Written by: Christopher & Jonathan Nolan
Full credits from IMDb
Grade: B+
Let’s cut through the hype quickly: The Dark Knight is not without its flaws. Despite a few ante-upping set pieces—such as a courtroom scene that ends with the DA slugging a hostile witness—the action scenes are often overblown and over-edited; a mid-film attempted kidnapping of an armored car passenger, with its copious car flips and other assorted traffic accidents, is nearly unintelligible. The film is also terribly manipulative, with not one, not two, but three “Sophie’s Choices,” while it suffers from a bourgeois moral sense—its reverence for the nobility of the hoi polloi, its shallow Print The Legend ethic.
But while it slips too often into lowest common denominatorism, The Dark Knight otherwise manages to be epic, on a formal level.
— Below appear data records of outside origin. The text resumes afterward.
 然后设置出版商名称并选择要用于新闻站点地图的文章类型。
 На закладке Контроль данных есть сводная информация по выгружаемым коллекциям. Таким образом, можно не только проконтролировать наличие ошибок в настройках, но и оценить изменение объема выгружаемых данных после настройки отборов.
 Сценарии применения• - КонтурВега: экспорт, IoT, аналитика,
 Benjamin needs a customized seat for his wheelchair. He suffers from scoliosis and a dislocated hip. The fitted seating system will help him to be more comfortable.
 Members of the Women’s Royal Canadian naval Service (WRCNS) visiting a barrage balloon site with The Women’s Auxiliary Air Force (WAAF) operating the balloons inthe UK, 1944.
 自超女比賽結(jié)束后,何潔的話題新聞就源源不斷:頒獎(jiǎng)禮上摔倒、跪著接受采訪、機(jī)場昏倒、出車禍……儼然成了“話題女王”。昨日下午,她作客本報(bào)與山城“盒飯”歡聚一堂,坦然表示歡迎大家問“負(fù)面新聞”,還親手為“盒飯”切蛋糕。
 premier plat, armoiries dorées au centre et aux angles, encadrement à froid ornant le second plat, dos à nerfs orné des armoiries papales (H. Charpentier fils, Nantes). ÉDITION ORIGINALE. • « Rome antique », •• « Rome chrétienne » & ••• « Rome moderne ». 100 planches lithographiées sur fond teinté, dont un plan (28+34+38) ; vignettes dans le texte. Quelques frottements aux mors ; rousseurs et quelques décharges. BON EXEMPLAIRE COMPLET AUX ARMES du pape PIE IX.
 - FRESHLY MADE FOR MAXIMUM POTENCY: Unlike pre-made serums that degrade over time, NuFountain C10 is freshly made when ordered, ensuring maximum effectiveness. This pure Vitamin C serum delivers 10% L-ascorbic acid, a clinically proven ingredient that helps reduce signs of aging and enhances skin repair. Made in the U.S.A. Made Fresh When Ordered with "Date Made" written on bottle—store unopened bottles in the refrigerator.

Heath Ledger’s lip-licking, scar-sucking Joker, with a handful of phony origin stories (a la Funny Games’ adolescent sociopaths), is dependent on Batman for his existence; “You. Complete. Meeee,” he hisses in an already famous speech. The Dark Knight is a psychodrama of symbiotic madmen in dress-up, including even Aaron Eckhardt’s Harvey Dent, though he’s clothed only in the tailored-suit costume of attorneydom. Dent is often referred to in the film as Gotham’s “White Knight”—Batman’s opposite and his equal. (He eventually devolves into a coin-flipping Chigurgh—“you die a hero or live long enough to be the villain,” he says. Add the abundance of thematic declaration in the script to the list of flaws.) The Nolans define their characters by their relation to The Bat—they are his inverses, his flip sides.
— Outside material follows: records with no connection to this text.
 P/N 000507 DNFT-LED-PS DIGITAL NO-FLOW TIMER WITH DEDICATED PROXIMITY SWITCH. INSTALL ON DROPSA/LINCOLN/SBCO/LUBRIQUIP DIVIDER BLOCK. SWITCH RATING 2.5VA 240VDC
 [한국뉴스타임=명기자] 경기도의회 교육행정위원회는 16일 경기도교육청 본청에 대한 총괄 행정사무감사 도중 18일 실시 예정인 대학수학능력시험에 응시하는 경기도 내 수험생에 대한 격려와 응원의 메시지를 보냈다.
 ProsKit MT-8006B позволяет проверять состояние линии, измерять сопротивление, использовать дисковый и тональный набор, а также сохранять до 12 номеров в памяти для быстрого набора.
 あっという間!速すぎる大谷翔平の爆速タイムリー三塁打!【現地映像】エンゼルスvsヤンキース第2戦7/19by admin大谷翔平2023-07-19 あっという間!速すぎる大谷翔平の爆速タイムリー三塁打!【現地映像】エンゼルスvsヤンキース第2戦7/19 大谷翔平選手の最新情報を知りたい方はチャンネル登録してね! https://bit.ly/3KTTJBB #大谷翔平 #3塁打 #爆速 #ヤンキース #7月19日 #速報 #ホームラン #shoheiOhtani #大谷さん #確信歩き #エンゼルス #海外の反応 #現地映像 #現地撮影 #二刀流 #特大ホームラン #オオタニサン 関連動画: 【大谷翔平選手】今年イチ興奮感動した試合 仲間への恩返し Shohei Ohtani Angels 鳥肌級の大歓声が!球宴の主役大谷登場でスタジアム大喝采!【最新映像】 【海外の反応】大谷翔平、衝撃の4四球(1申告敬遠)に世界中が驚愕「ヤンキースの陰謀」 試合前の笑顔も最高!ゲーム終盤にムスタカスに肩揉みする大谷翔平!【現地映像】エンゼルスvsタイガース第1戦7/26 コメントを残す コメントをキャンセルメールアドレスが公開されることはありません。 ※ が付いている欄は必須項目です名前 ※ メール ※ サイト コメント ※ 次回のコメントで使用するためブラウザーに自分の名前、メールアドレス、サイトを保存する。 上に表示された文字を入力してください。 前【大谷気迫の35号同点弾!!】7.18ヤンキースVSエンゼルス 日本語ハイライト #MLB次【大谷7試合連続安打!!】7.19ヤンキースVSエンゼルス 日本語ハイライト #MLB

The Batman is not a source of order here but the cause of the city’s intensifying madness. His sickness is theirs—and vice versa. “I don’t need help,” Batman says, in reference to the copycats. “That’s not my diagnosis,” The Scarecrow (Cillian Murphy, from the previous film, in a hangover cameo) quips. Batman’s psychosis is infectious, its out-of-handness best expressed in a single shot: the Joker, standing before a burning pyramid of cash. This is the ultimate expression of America’s deepest fear: a man—a face-painted monster—so loyal to ideology that he has no price. (Batman can’t be bought either, but that’s because he’s already mega-rich—an American ideal and another example of opposites.) As such, the Joker plays a conspicuously allegorical role as Terrorist, making Batman, Batmobiling down Gotham’s hell roads, paved in his good intentions, Bush 43—Our American Failure. (The Dark Knight is so plugged into the zeitgeist that one of its central villains is—Boo! Hiss!—a Chinese nationalist.)
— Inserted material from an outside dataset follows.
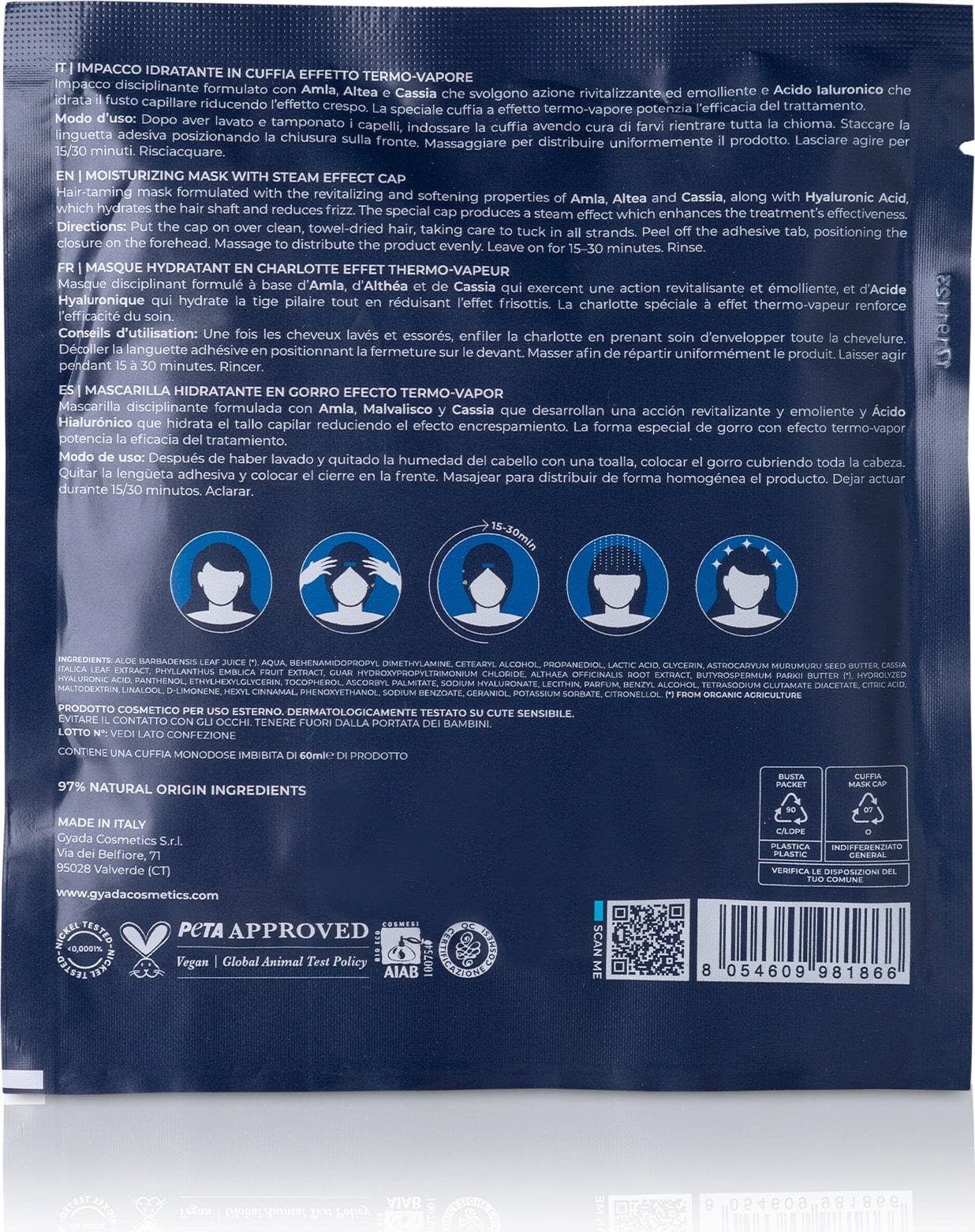 GYADA Cosmetics Hyalurvedic revitalizačná látková maska na vlasy, 60 ml

Bush as proto-terrorist—and the yin to its yang—is heady stuff for a summer blockbuster. “I was meant to inspire good,” Batman laments, “not madness.” The Dark Knight is a War on Terror allegory—our heroes create our villains, madness begets madness and violence begets violence. With its ball-twisting and temperature-raising, it’s our first worthy piece of post-Children of Men filmmaking and, in and of the visceral moment, it’s astounding, a triumph of form—outside of its aforementioned missteps, anyway. (Half an hour overlong, at least, as it struggles to fill the time.)
But as far as content, on the other hand, it advocates indiscriminate, FISA-violating wiretapping (what at first seems a Bondish gadget fetish turns out to be far more sinister) as well as aggressive interrogation techniques. Tsk tsk. The Dark Knight doesn’t fare as well in afterthought’s days-later calm and rationality, the emotionless consideration that the frenzied film prevents in the theater. To mixed success, it plays for the heart, for the guts, in order to distract the head from the questionable politics it promotes—namely, fascism.